--- Available data ---

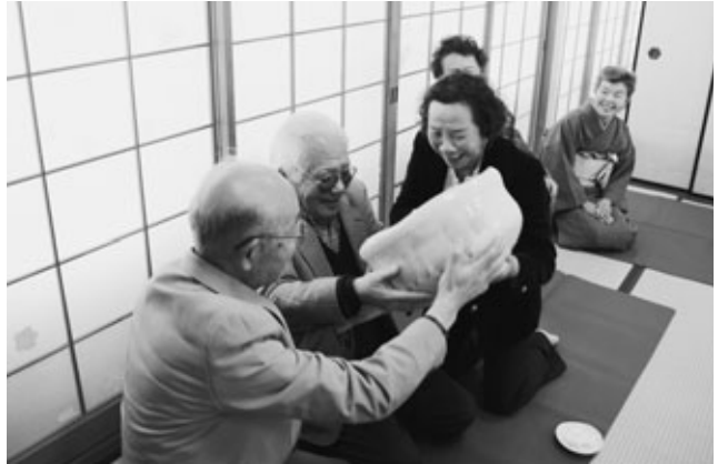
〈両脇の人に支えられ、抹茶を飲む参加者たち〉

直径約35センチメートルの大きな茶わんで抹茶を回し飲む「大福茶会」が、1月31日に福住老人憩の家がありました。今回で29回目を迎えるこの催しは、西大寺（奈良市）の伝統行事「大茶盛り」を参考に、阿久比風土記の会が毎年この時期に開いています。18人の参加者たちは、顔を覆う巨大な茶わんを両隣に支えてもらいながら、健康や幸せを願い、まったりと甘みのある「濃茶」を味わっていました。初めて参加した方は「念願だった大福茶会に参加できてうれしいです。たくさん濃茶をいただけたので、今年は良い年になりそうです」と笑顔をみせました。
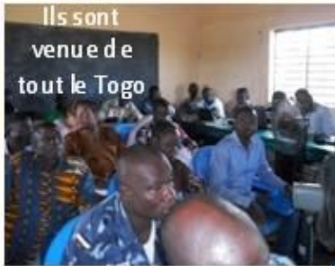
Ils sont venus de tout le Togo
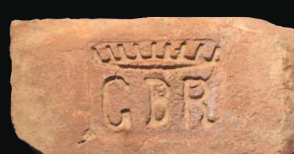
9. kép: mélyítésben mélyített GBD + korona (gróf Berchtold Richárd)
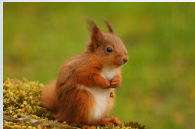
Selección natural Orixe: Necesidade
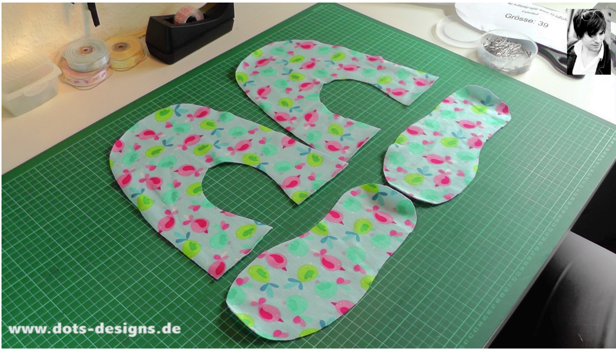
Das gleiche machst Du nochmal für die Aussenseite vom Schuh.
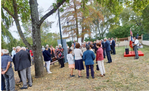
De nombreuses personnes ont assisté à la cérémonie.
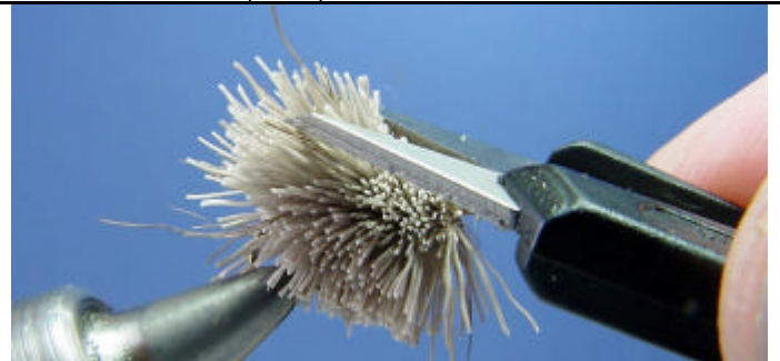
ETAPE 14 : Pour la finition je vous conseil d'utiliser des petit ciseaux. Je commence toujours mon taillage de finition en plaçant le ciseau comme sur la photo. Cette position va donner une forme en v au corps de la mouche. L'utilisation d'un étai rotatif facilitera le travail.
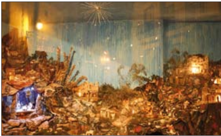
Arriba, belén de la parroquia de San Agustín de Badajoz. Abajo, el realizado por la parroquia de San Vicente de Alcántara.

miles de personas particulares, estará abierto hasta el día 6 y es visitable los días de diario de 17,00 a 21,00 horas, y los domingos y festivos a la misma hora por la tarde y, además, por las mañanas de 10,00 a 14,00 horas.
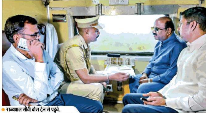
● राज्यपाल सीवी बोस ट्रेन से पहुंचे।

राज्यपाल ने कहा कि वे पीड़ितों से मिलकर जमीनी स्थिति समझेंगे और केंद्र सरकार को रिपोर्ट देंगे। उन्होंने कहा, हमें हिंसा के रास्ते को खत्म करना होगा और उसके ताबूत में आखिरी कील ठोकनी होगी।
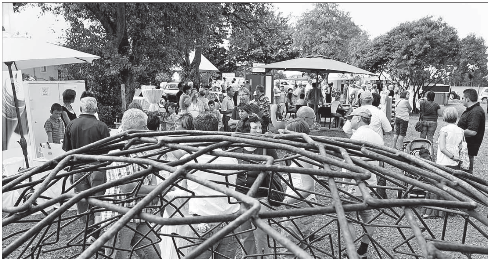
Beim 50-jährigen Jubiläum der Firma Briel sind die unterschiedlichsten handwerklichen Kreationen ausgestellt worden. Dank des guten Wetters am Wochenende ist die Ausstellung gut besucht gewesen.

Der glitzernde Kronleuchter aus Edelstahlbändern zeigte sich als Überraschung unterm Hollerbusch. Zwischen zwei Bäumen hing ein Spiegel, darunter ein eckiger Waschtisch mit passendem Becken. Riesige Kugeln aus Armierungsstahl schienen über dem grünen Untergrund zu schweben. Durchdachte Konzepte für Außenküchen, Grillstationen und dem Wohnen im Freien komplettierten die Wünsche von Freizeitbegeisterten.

---

§ Problem requirements
Copy nothing but the lines from the top of the material through the line holding "Beim 50-jährigen Jubiläum", exactly as written; omit pictures.

§ Task result
〈両脇の人に支えられ、抹茶を飲む参加者たち〉

直径約35センチメートルの大きな茶わんで抹茶を回し飲む「大福茶会」が、1月31日に福住老人憩の家がありました。今回で29回目を迎えるこの催しは、西大寺（奈良市）の伝統行事「大茶盛り」を参考に、阿久比風土記の会が毎年この時期に開いています。18人の参加者たちは、顔を覆う巨大な茶わんを両隣に支えてもらいながら、健康や幸せを願い、まったりと甘みのある「濃茶」を味わっていました。初めて参加した方は「念願だった大福茶会に参加できてうれしいです。たくさん濃茶をいただけたので、今年は良い年になりそうです」と笑顔をみせました。
Ils sont venus de tout le Togo
9. kép: mélyítésben mélyített GBD + korona (gróf Berchtold Richárd)
Selección natural Orixe: Necesidade
Das gleiche machst Du nochmal für die Aussenseite vom Schuh.
De nombreuses personnes ont assisté à la cérémonie.
ETAPE 14 : Pour la finition je vous conseil d'utiliser des petit ciseaux. Je commence toujours mon taillage de finition en plaçant le ciseau comme sur la photo. Cette position va donner une forme en v au corps de la mouche. L'utilisation d'un étai rotatif facilitera le travail.
Arriba, belén de la parroquia de San Agustín de Badajoz. Abajo, el realizado por la parroquia de San Vicente de Alcántara.

miles de personas particulares, estará abierto hasta el día 6 y es visitable los días de diario de 17,00 a 21,00 horas, y los domingos y festivos a la misma hora por la tarde y, además, por las mañanas de 10,00 a 14,00 horas.
● राज्यपाल सीवी बोस ट्रेन से पहुंचे।

राज्यपाल ने कहा कि वे पीड़ितों से मिलकर जमीनी स्थिति समझेंगे और केंद्र सरकार को रिपोर्ट देंगे। उन्होंने कहा, हमें हिंसा के रास्ते को खत्म करना होगा और उसके ताबूत में आखिरी कील ठोकनी होगी।
Beim 50-jährigen Jubiläum der Firma Briel sind die unterschiedlichsten handwerklichen Kreationen ausgestellt worden. Dank des guten Wetters am Wochenende ist die Ausstellung gut besucht gewesen.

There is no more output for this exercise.